The manuscript (MS) might be of best interest for readers if the authors clarify/state some issues:

  • The “sub-histology” of TCs should follow the current WHO classification (e,g. neuroendocrine is considered an independent group, as stated in the manuscript);
  • Clarify/state in a separate Table the main molecular type classifications, according to the respective genetic alterations;
  • Clarify/state the main targeted therapies according to the molecular classification(s) as applicable;
  • Present a separate Table with the main best results (e.g., objective response rate-ORR %; disease control rate-DCR) and worst adverse effects-AE, by TETs subgroups;
  • Present/clarify the putative limitations (e.g., the inaccurate patient selection factors, as indicated in the abstract) that so far preclude the approval of targeted therapies for the next future.

Author Response

  • The “sub-histology” of TCs should follow the current WHO classification (e,g. neuroendocrine is considered an independent group, as stated in the manuscript);
    We are grateful for this suggestion. According to the WHO classification of 2014, recognized TC subhistologies are squamous cell, basaloid, mucoepidermoid, lymphoepithelioma-like, sarcomatoid, clear cell, adenocarcinoma, nuclear protein in testis (NUT), and undifferentiated. We inserted in paragraph 1 this clarification. 
  • Clarify/state in a separate Table the main molecular type classifications, according to the respective genetic alterations;
    We thank the reviewer for this comment. A table with the principal molecular classification was added (Table 1). 
  • Clarify/state the main targeted therapies according to the molecular classification(s) as applicable;  
    We thank the reviewer for this comment. As we stated in paragraph 2, Radovich et al. and Lee et al. described 4 clusters of TETs based on molecular classification. Due to the disease's rarity, trials testing targeted therapies have been conducted regardless of the molecular subtype. Aware of the pivotal role of the molecular characterizations, as you suggested, we structured the review discussing each molecular alteration and its clinical implication per time.
  • Present a separate Table with the main best results (e.g., objective response rate-ORR %; disease control rate-DCR) and worst adverse effects-AE, by TETs subgroups;
    We are grateful for this suggestion. Historically, clinical trials on TETs have never preplanned studies to explore the efficacy of drugs among molecular subtypes.

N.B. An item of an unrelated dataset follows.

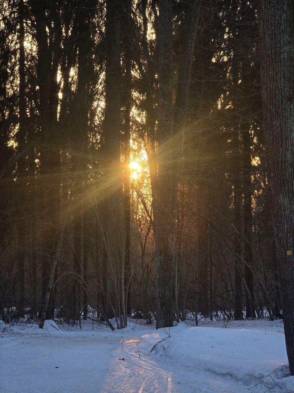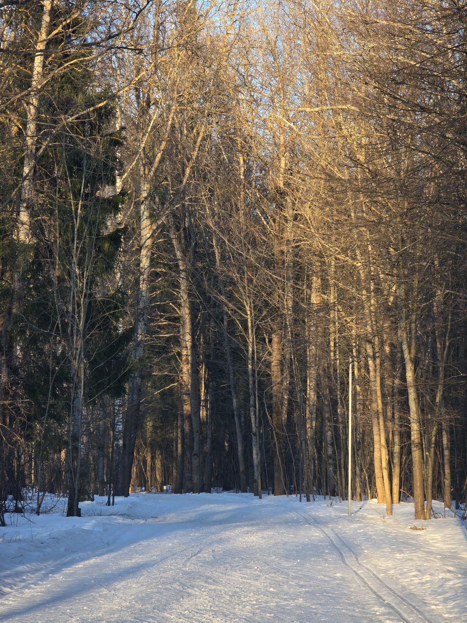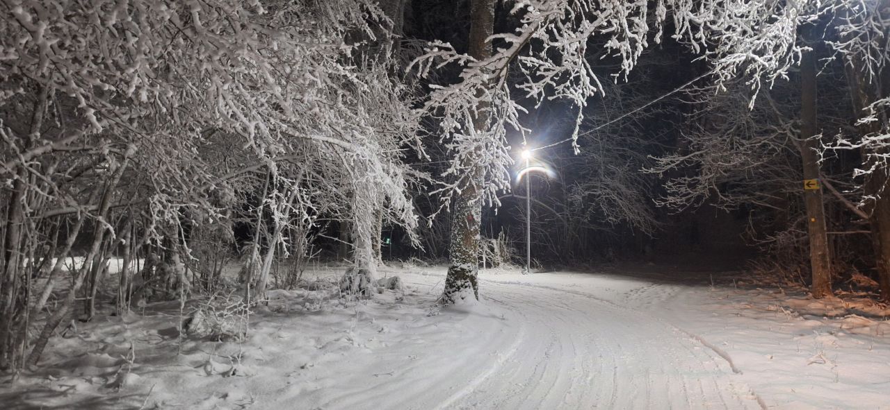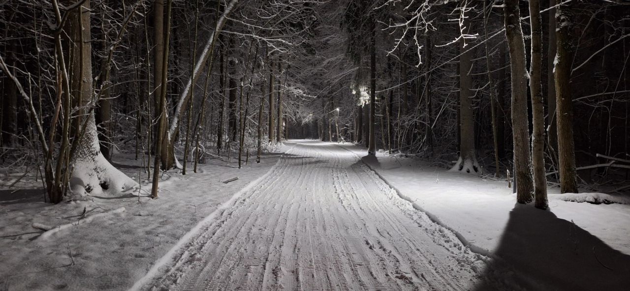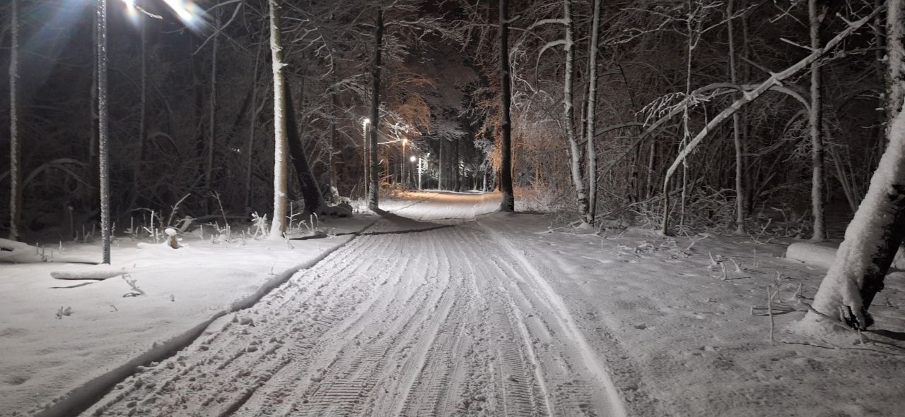 В остальном всё нормально. Мусора никакого не видел, точно можно на хороших лыжах. В свете фонарей зимний лес очень красивый

Predominantly, inclusion criteria allowed the recruitment of TETs patients regardless of the histology. We created a comprehensive table in this scenario, including published trials testing targeted therapies and reporting endpoint results according to histology (Table 2).
  • Present/clarify the putative limitations (e.g., the inaccurate patient selection factors, as indicated in the abstract) that so far preclude the approval of targeted therapies for the next future.
    We agree with the reviewer that this is a point of paramount importance. In the conclusion section, we stated as follows: 'Despite the dramatic clinical and biological diversity, many clinical trials had enrolled patients with either histology due to the rarity of TETs. A short-term goal for TETs investigation should be tailoring clinical trials to histology and molecular subtypes. Recently, promising results from targeted therapies and immunotherapy have been reported, but safety and appropriate response biomarkers identification are still open questions.'

Reviewer 3 Report

This manuscript is a review of molecular characterization of thymic tumors. Biology of thymic epithelial tumors, biology of thymoma and thymic cancer, and biology of thymic neuroendocrine tumors are described concisely. This work is interesting to many readers of this journal.

I have no hesitation in recommending this manuscript for publication.

Author Response

The authors are grateful for your positive comments on the submitted manuscript. 

Round 2

Reviewer 2 Report

The MS in the revised form is of interest to readers.